## Exercise directions
From the records below, output exactly the lines running from the line containing "面对如此广泛而复杂的病变,传" through the line containing "This elegant 14k", and no others.

## Records shown
((
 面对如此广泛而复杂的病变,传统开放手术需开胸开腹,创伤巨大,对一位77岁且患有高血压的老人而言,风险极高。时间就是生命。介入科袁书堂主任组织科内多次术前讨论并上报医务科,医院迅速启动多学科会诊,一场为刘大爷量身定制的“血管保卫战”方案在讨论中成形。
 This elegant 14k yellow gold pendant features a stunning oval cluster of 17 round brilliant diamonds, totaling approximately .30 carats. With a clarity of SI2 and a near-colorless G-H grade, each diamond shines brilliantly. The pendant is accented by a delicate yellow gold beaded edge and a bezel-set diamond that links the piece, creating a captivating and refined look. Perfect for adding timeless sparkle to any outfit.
))
((
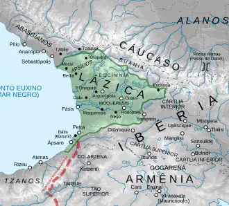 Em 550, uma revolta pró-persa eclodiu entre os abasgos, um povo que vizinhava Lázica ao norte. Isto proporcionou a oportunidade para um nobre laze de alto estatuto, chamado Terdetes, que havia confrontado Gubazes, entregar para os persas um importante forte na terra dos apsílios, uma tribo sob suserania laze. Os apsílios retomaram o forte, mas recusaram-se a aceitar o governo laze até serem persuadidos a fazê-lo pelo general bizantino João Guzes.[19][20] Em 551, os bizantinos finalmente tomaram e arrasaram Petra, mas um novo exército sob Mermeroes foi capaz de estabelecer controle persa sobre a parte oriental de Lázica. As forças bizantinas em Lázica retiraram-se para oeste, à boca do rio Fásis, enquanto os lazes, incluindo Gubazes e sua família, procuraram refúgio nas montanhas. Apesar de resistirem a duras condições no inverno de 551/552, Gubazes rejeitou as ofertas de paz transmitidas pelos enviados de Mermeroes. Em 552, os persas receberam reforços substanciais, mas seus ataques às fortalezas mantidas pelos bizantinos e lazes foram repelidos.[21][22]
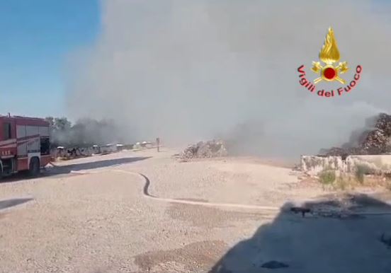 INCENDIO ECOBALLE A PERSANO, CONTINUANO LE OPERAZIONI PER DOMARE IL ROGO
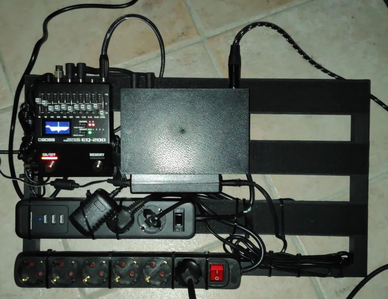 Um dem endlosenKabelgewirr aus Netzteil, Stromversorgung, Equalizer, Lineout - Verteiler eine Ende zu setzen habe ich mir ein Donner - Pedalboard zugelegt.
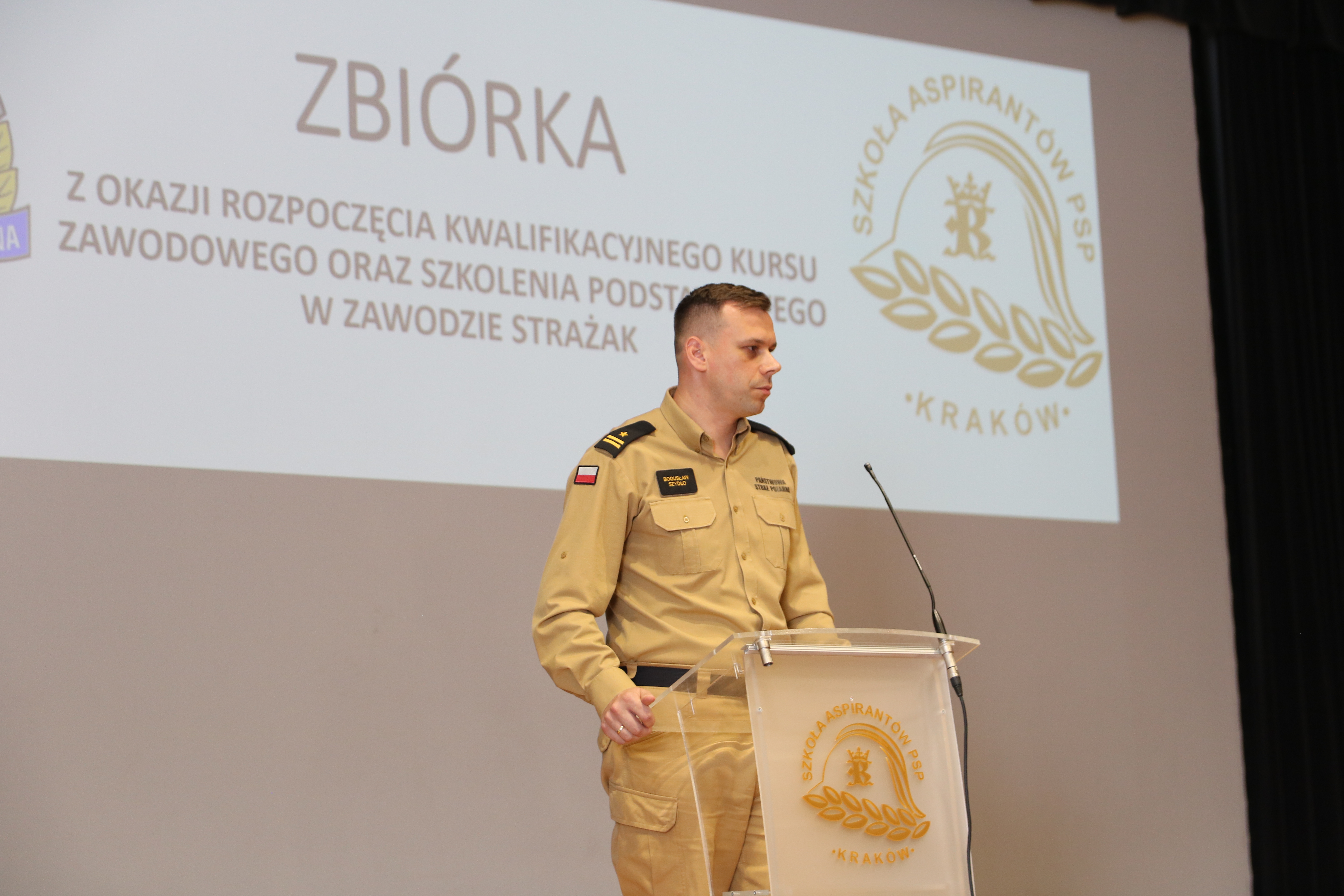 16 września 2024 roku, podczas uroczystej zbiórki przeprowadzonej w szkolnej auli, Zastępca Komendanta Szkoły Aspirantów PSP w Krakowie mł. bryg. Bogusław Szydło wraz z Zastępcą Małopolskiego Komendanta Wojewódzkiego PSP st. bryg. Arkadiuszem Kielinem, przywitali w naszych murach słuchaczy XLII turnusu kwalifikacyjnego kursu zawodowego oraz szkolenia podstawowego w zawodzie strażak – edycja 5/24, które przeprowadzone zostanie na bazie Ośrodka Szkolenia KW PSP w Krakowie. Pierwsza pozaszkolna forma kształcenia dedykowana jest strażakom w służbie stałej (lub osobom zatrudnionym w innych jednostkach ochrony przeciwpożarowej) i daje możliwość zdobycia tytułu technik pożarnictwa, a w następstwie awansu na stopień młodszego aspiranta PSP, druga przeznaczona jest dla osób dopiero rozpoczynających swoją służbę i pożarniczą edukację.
))
## Answer for this exercise
 面对如此广泛而复杂的病变,传统开放手术需开胸开腹,创伤巨大,对一位77岁且患有高血压的老人而言,风险极高。时间就是生命。介入科袁书堂主任组织科内多次术前讨论并上报医务科,医院迅速启动多学科会诊,一场为刘大爷量身定制的“血管保卫战”方案在讨论中成形。
 This elegant 14k yellow gold pendant features a stunning oval cluster of 17 round brilliant diamonds, totaling approximately .30 carats. With a clarity of SI2 and a near-colorless G-H grade, each diamond shines brilliantly. The pendant is accented by a delicate yellow gold beaded edge and a bezel-set diamond that links the piece, creating a captivating and refined look. Perfect for adding timeless sparkle to any outfit.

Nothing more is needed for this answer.